We all grow old. But children with progeria, a rare genetic disorder that accelerates aging at an unforgivably aggressive pace, get old before they’ve even tasted youth. They are real-life Benjamin Buttons, with weakened blood vessels and bones that become brittle before they’ve reached middle school. Most die in their teens.
Sam Berns, 13 when he first appears in Life According to Sam, is one of those children. But this documentary, directed by Academy Award-winning D.C. filmmakers Sean Fine and Andrea Nix Fine, isn’t just Sam’s story. It’s also the story of his mother’s efforts to get FDA approval for a drug that could prolong her son’s life and the lives of others who deal with the same cruelly random condition. And it’s the story of how Sam’s parents build a normal life around their beloved, fragile boy, filling it with the classic stuff of American families—baseball games, marching band practice, Dave Matthews Band concerts—while confronting a syndrome so uncommon, it affects just one in four million.

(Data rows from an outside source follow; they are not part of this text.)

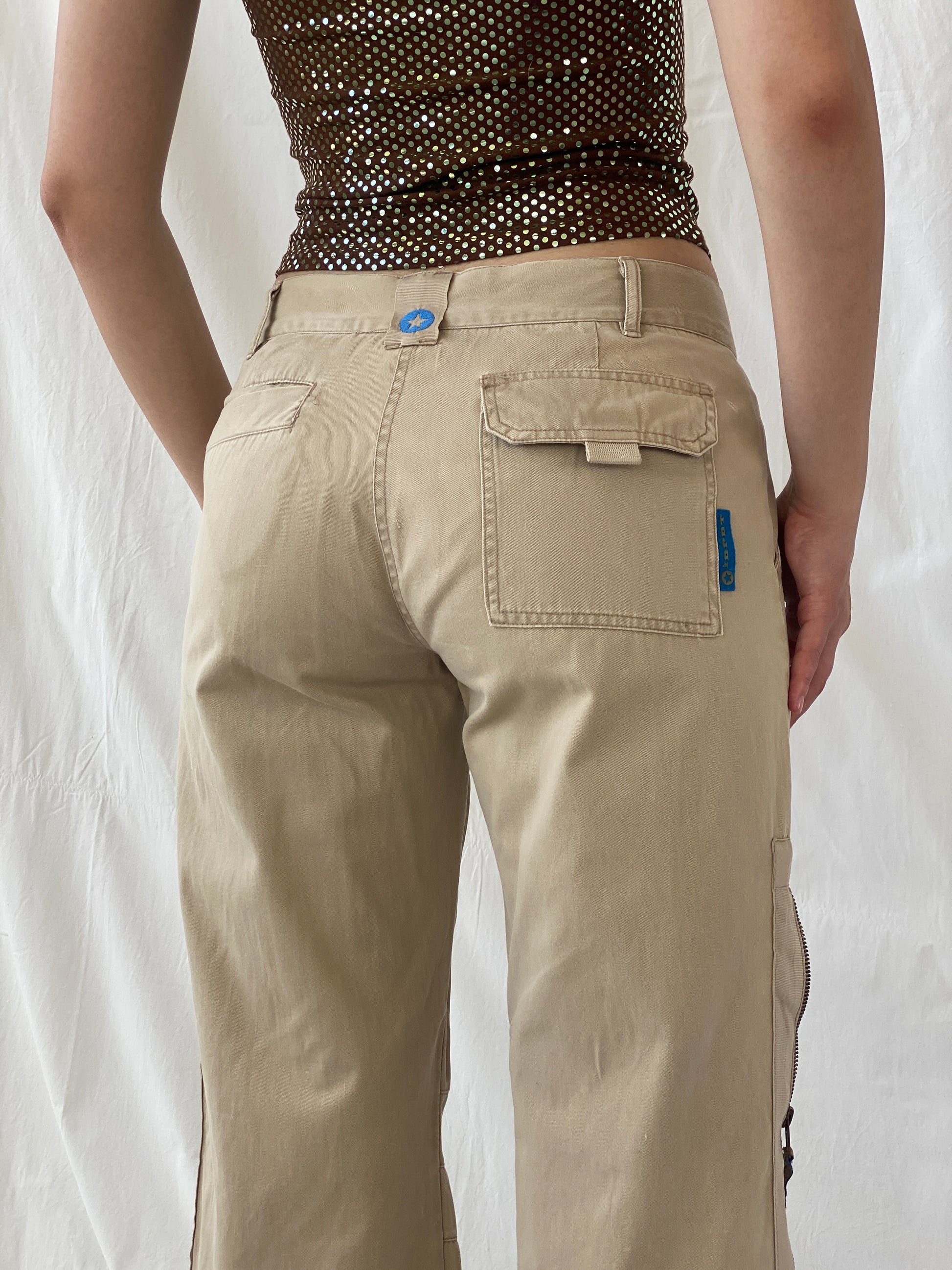 بنطلون كارجو Y2K IDPDT بيج منخفض الخصر وواسع الساق وطول قابل للتعديل - M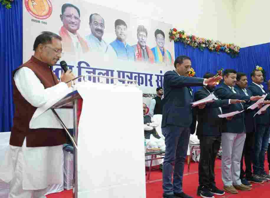 कार्यक्रम में मुख्यमंत्री श्री साय ने बस्तर जिला पत्रकार संघ के नव निर्वाचित पदाधिकारियों को शपथ दिलाई और पदाधिकारियों को नये दायित्व के निर्वहन के साथ ही नववर्ष के लिए बधाई और शुभकामनाएं दी। कार्यक्रम में बस्तर जिला पत्रकार संघ के अध्यक्ष श्री मनीष गुप्ता ने स्वागत उद्बोधन दिया। इस अवसर पर खेल मंत्री श्री टंकराम वर्मा सहित बड़ी संख्या में पत्रकारगण उपस्थित थे।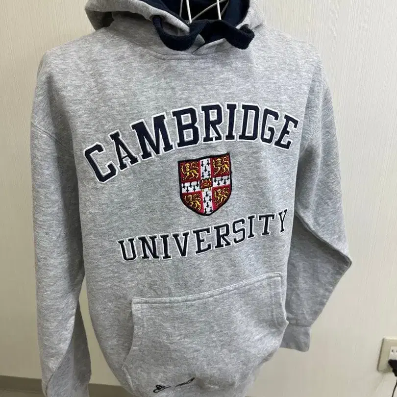 자동 번역되었어요. 원문보기그레이 색상의 후드티, 케임브리지 대학교 로고 부착.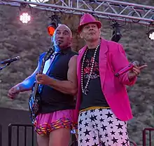 Steve McKnight (left) and Freeman (right) perform with GayC/DC at Palm Springs Pride in Palm Springs, California in 2018.

The movie, which debuted at Sundance and airs on HBO this fall, mines most of its suspense from the lengthy progeria drug trial spearheaded by Dr. Leslie Gordon, Sam’s mom. As she waits anxiously to learn whether her study will be published and earn FDA review, so do we. But Life According to Sam isn’t mere medical drama. It’s also a heart-tugging reminder of how hardship can be morphed into a blessing. “I’m sorry it happened to her son,” says the teary-eyed mother of a Canadian progeria patient, referring to Gordon. “But we kind of needed her.”